Overview of CLI Commands
------------------------

.. list-table::
   :header-rows: 1
   :widths: 20 80

   * - Command
     - Description
   * - ``negatives``
     - Sample GC-content-matched negative regions
   * - ``pipeline-json``
     - Generate a pipeline configuration JSON file
   * - ``fit``
     - Train a Cherimoya model
   * - ``evaluate``
     - Evaluate a trained model
   * - ``attribute``
     - Calculate sequence attributions
   * - ``seqlets``
     - Identify important subsequences from attributions
   * - ``marginalize``
     - Run marginalization experiments for motifs
   * - ``pipeline``
     - Run the full end-to-end pipeline
   * - ``batch``
     - Run multiple pipelines in parallel


Step 1: Generate a Pipeline Configuration
------------------------------------------

The pipeline is driven by a JSON configuration file.
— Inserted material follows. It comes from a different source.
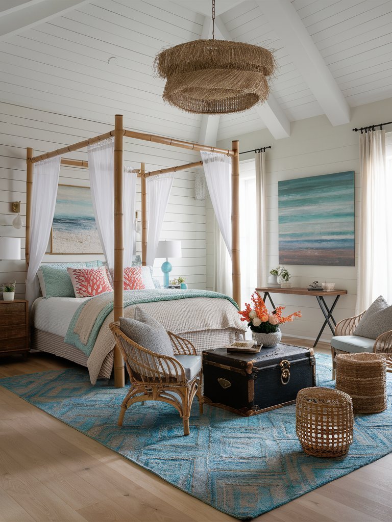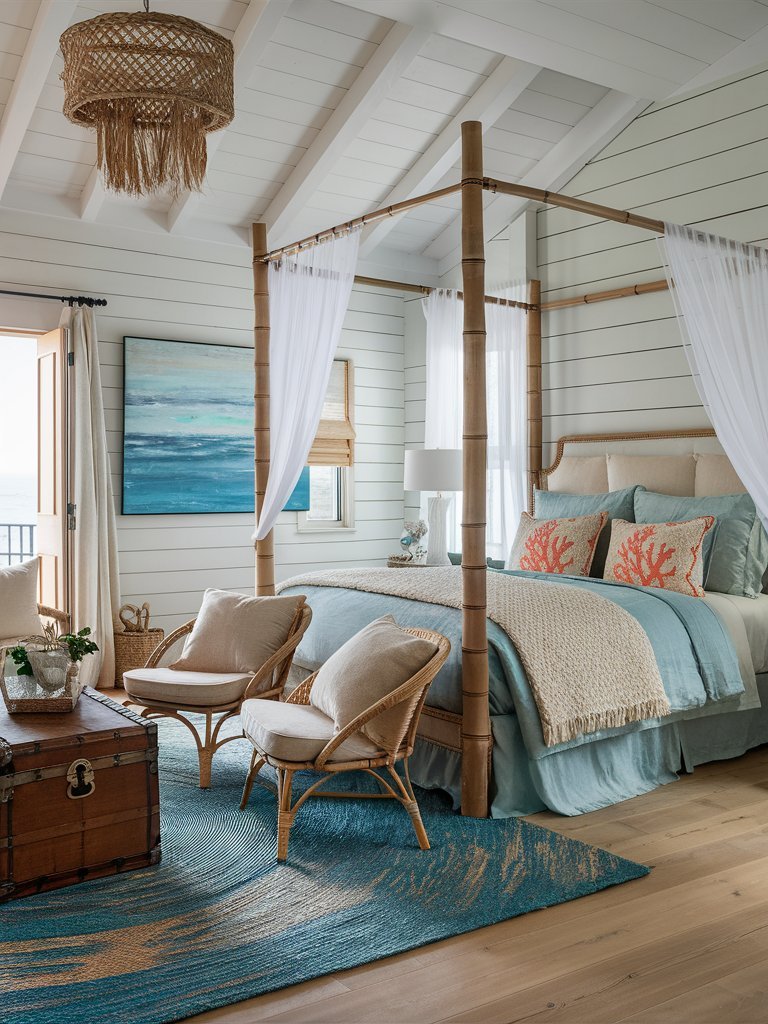 The bamboo canopy bed is the centerpiece of this room, bringing a natural, earthy charm that anchors the coastal theme. Its clean and minimalist structure is both visually striking and functional, while the bamboo material evokes the feeling of tropical getaways. Draped with sheer white curtains, the bed achieves a breezy, romantic vibe that is quintessentially coastal. These lightweight, semi-transparent curtains create movement in the space, enhancing the room’s relaxed, serene atmosphere.

You can generate one using
the ``pipeline-json`` command:

.. code-block:: bash

   cherimoya pipeline-json \
       -s /path/to/hg38.fa \
       -i /path/to/signal.bam \
       -n my_ctcf_experiment \
       -o ctcf.pipeline.json

For stranded experiments with controls:

.. code-block:: bash

   cherimoya pipeline-json \
       -s /path/to/hg38.fa \
       -i /path/to/treatment.bam \
       -c /path/to/control.bam \
       -n ctcf_stranded \
       -o ctcf_stranded.pipeline.json

.. tip::

   Use ``-u`` for unstranded data and ``-f`` if your input consists of
   fragment files rather than aligned reads.

.. tip::

   If using ATAC-seq or DNase-seq data you may need to shift the reads.
   Many packages use +4/-5 for ATAC-seq shifting, but the recommended shift
   here is actually +4/-4. You can use -ps and -ns to shift your data but
   make sure the original data is not shifted!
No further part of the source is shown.